Output verbatim the line with "La finition PrintShield®" together with every line beneath it, ending at the last line of the entries.

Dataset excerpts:
---*---

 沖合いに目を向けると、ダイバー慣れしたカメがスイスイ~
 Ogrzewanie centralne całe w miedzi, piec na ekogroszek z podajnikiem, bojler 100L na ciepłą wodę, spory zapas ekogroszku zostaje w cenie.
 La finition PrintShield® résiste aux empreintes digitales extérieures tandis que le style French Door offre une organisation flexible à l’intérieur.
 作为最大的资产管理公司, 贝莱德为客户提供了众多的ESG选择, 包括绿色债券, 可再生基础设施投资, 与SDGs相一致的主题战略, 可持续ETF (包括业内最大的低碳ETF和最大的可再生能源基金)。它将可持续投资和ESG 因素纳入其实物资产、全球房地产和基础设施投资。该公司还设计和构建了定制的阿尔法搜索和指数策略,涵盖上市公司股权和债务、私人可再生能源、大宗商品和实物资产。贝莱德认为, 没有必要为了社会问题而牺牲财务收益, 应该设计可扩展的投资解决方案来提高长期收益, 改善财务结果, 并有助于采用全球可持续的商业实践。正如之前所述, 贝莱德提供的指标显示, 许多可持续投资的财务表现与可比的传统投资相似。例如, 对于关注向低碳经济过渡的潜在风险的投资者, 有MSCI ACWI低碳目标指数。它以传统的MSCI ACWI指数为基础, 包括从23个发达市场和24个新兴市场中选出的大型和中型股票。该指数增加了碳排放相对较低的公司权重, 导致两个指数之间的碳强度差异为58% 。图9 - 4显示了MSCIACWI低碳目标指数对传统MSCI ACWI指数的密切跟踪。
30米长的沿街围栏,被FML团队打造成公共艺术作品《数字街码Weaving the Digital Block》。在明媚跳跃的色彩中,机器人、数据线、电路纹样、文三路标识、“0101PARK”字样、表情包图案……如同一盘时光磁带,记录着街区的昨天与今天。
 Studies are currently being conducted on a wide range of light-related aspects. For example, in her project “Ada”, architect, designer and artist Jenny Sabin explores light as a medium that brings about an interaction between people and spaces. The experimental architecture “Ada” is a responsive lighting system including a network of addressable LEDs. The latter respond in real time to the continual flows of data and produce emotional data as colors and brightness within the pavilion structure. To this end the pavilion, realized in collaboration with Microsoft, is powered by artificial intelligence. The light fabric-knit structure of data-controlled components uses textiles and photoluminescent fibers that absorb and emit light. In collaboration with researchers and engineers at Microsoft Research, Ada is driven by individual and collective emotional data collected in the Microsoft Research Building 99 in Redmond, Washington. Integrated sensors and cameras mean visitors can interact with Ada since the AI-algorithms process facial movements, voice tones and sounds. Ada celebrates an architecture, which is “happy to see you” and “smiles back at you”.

---*---

Exercise result ::
 La finition PrintShield® résiste aux empreintes digitales extérieures tandis que le style French Door offre une organisation flexible à l’intérieur.
 作为最大的资产管理公司, 贝莱德为客户提供了众多的ESG选择, 包括绿色债券, 可再生基础设施投资, 与SDGs相一致的主题战略, 可持续ETF (包括业内最大的低碳ETF和最大的可再生能源基金)。它将可持续投资和ESG 因素纳入其实物资产、全球房地产和基础设施投资。该公司还设计和构建了定制的阿尔法搜索和指数策略,涵盖上市公司股权和债务、私人可再生能源、大宗商品和实物资产。贝莱德认为, 没有必要为了社会问题而牺牲财务收益, 应该设计可扩展的投资解决方案来提高长期收益, 改善财务结果, 并有助于采用全球可持续的商业实践。正如之前所述, 贝莱德提供的指标显示, 许多可持续投资的财务表现与可比的传统投资相似。例如, 对于关注向低碳经济过渡的潜在风险的投资者, 有MSCI ACWI低碳目标指数。它以传统的MSCI ACWI指数为基础, 包括从23个发达市场和24个新兴市场中选出的大型和中型股票。该指数增加了碳排放相对较低的公司权重, 导致两个指数之间的碳强度差异为58% 。图9 - 4显示了MSCIACWI低碳目标指数对传统MSCI ACWI指数的密切跟踪。
30米长的沿街围栏,被FML团队打造成公共艺术作品《数字街码Weaving the Digital Block》。在明媚跳跃的色彩中,机器人、数据线、电路纹样、文三路标识、“0101PARK”字样、表情包图案……如同一盘时光磁带,记录着街区的昨天与今天。
 Studies are currently being conducted on a wide range of light-related aspects. For example, in her project “Ada”, architect, designer and artist Jenny Sabin explores light as a medium that brings about an interaction between people and spaces. The experimental architecture “Ada” is a responsive lighting system including a network of addressable LEDs. The latter respond in real time to the continual flows of data and produce emotional data as colors and brightness within the pavilion structure. To this end the pavilion, realized in collaboration with Microsoft, is powered by artificial intelligence. The light fabric-knit structure of data-controlled components uses textiles and photoluminescent fibers that absorb and emit light. In collaboration with researchers and engineers at Microsoft Research, Ada is driven by individual and collective emotional data collected in the Microsoft Research Building 99 in Redmond, Washington. Integrated sensors and cameras mean visitors can interact with Ada since the AI-algorithms process facial movements, voice tones and sounds. Ada celebrates an architecture, which is “happy to see you” and “smiles back at you”.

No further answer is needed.